▶ _Instructions for the task_: Please output only the lines running from the one that contains "En un momento" through the last line of the data below, exactly as they stand, with no pictures.

▶ _Exercise data_:
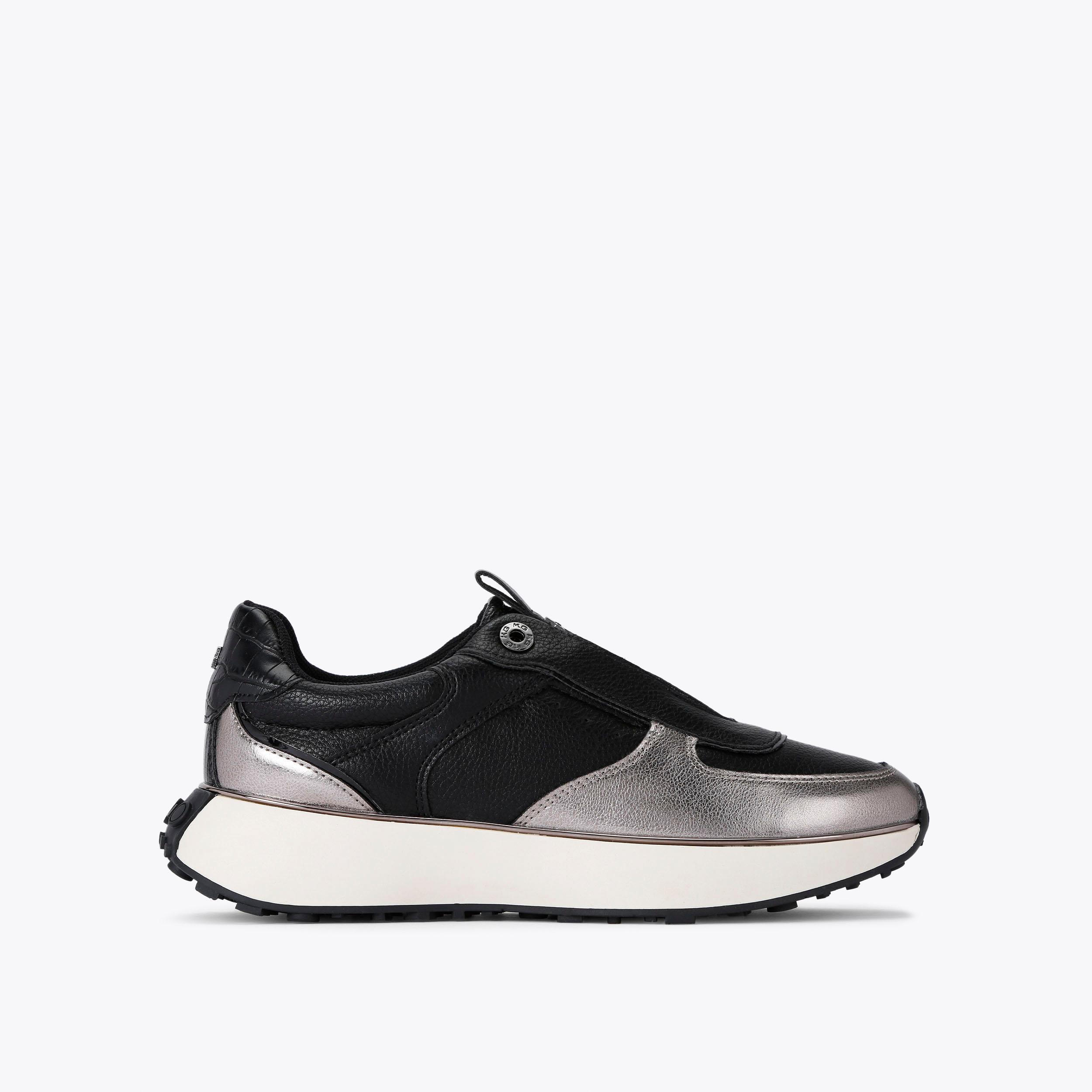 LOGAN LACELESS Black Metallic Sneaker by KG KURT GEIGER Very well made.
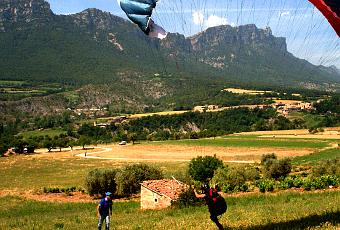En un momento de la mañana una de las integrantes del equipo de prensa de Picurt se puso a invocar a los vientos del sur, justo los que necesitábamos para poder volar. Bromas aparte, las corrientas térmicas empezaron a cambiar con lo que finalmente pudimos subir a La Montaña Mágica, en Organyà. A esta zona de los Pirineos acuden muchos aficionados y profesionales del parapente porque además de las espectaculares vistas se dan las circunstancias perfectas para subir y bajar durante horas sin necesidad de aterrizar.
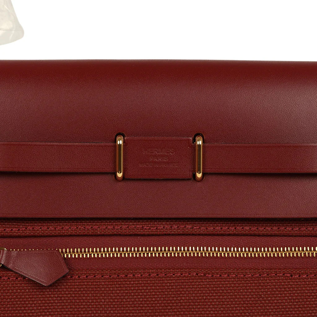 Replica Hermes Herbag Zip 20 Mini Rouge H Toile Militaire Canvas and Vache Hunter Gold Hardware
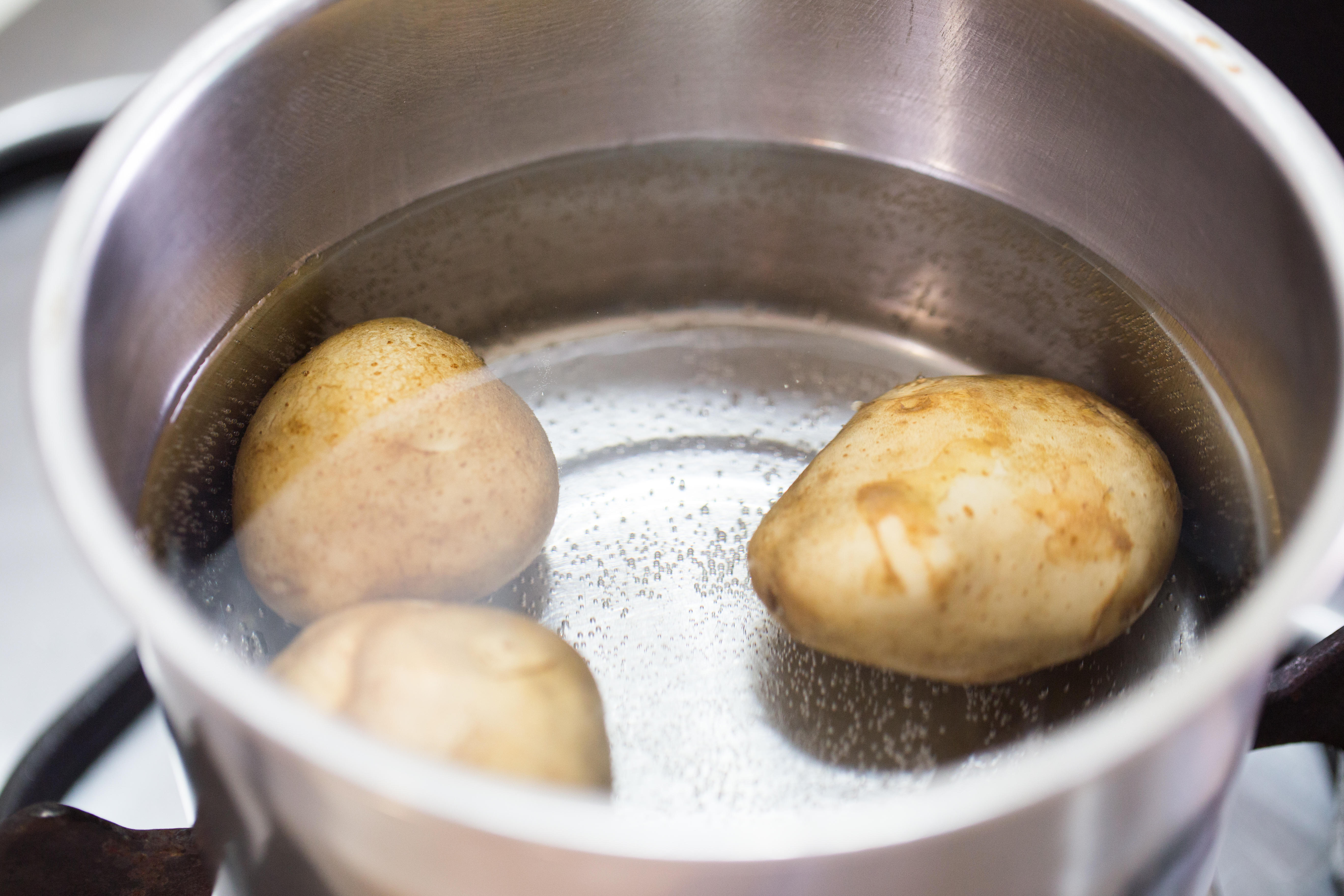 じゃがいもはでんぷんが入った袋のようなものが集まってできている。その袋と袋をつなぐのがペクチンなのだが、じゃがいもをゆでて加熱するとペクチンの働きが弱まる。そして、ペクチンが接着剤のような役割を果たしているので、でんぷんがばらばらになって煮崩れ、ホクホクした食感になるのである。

▶ _Expected answer_:
En un momento de la mañana una de las integrantes del equipo de prensa de Picurt se puso a invocar a los vientos del sur, justo los que necesitábamos para poder volar. Bromas aparte, las corrientas térmicas empezaron a cambiar con lo que finalmente pudimos subir a La Montaña Mágica, en Organyà. A esta zona de los Pirineos acuden muchos aficionados y profesionales del parapente porque además de las espectaculares vistas se dan las circunstancias perfectas para subir y bajar durante horas sin necesidad de aterrizar.
 Replica Hermes Herbag Zip 20 Mini Rouge H Toile Militaire Canvas and Vache Hunter Gold Hardware
 じゃがいもはでんぷんが入った袋のようなものが集まってできている。その袋と袋をつなぐのがペクチンなのだが、じゃがいもをゆでて加熱するとペクチンの働きが弱まる。そして、ペクチンが接着剤のような役割を果たしているので、でんぷんがばらばらになって煮崩れ、ホクホクした食感になるのである。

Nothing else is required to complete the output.